Kapiu Masi Gagai (c. 1894 – 21 August 1946) was a Torres Strait Islander man who worked as a pearler, boatman, mission worker and Australian soldier during World War II.

== Biography ==
Gagai was born in around 1894 or 1895, on Mabuiag Island, which sits within the Torres Strait Islands. He was the second son of Newa Gagai and Kubi and he belonged to the Kodal (crocoldile) clan and the Badu Tribe and he grew up speaking Kalaw Lagaw Ya. As a child he was adopted through kupai omasker, a traditional practice of Torres Strait Islanders, by Nomoa and Kaidai. He attended school at the Badu Island School and also received religious instruction from the London Missionary Society and Church of England Missionaries.

From the age of 15 he worked on the pearling luggers active in the area and worked as a swimmer-diver for the Islander-owned pearling company Wakaid. On 22 December 1915 Gagai married Laina Getawan who was also from the Island; they would go on to have three children.

In June 1921 Gagai was recruited to work at the Goulburn Island Methodist Mission, at Warruwi on the Goulburn Islands, in Arnhem Land.
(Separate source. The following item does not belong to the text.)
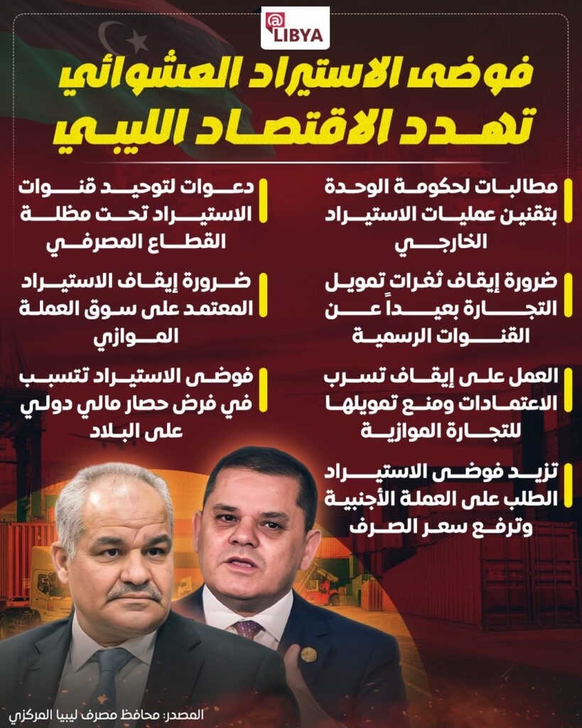 ودعا محافظ مصرف ليبيا المركزي حكومة الوحدة الوطنية إلى الإسراع بتوحيد قنوات الاستيراد وحصرها ضمن القطاع المصرفي، مع إيقاف كافة ثغرات تمويل التجارة بعيدًا عن القنوات الرسمية، ومنع الاعتماد على سوق العملة الموازي في عمليات الاستيراد، لما لذلك من أثر مباشر في زيادة الطلب غير المنضبط على النقد الأجنبي.

He was recruited to work as a boat captain and lay mission worker by the Reverend James Watson who had started the mission.

Gagai's wife and children joined him there and later, at the mission he married Mujerambi (Marjorie) who was the daughter of Alfred Joseph Voules Brown. They would have ten children together.
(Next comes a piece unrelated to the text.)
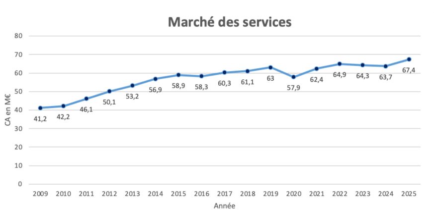 Côté services, la croissance s'élève à 5,8 % et le marché s'établit à 67,4 millions d'euros pour 2025. ACR entend par services l'assistance technique, la formation, la fourniture de matériels de rechange, le dépannage ou encore les contrats de maintenance.

In April 1932 Gagai decided to return to the Torres Strait and settled at Badu Island where he worked again as a pearler. Soon after, in May 1935, he was employed by anthropologist Donald Thomson to take charge of the St Nicholas, which was an auxiliary ketch. When Thomason left the area Gagai returned to his previous role.

On 27 October 1941 Gagai enlisted in the army and joined the Northern Territory Special Reconnaissance Unit despite being 'over-age' and considered to be medically unfit. This unit, commanded by Thomson, was an irregular warfare unit that patrolled the coast of Arnhem Land. Within this unit he was placed in charge of the Aroetta between 1941 - 1943. During this period he was also twice placed in charge of an outpost at Caledon Bay, became an expert Vickers gunner and was promoted to being acting sergeant.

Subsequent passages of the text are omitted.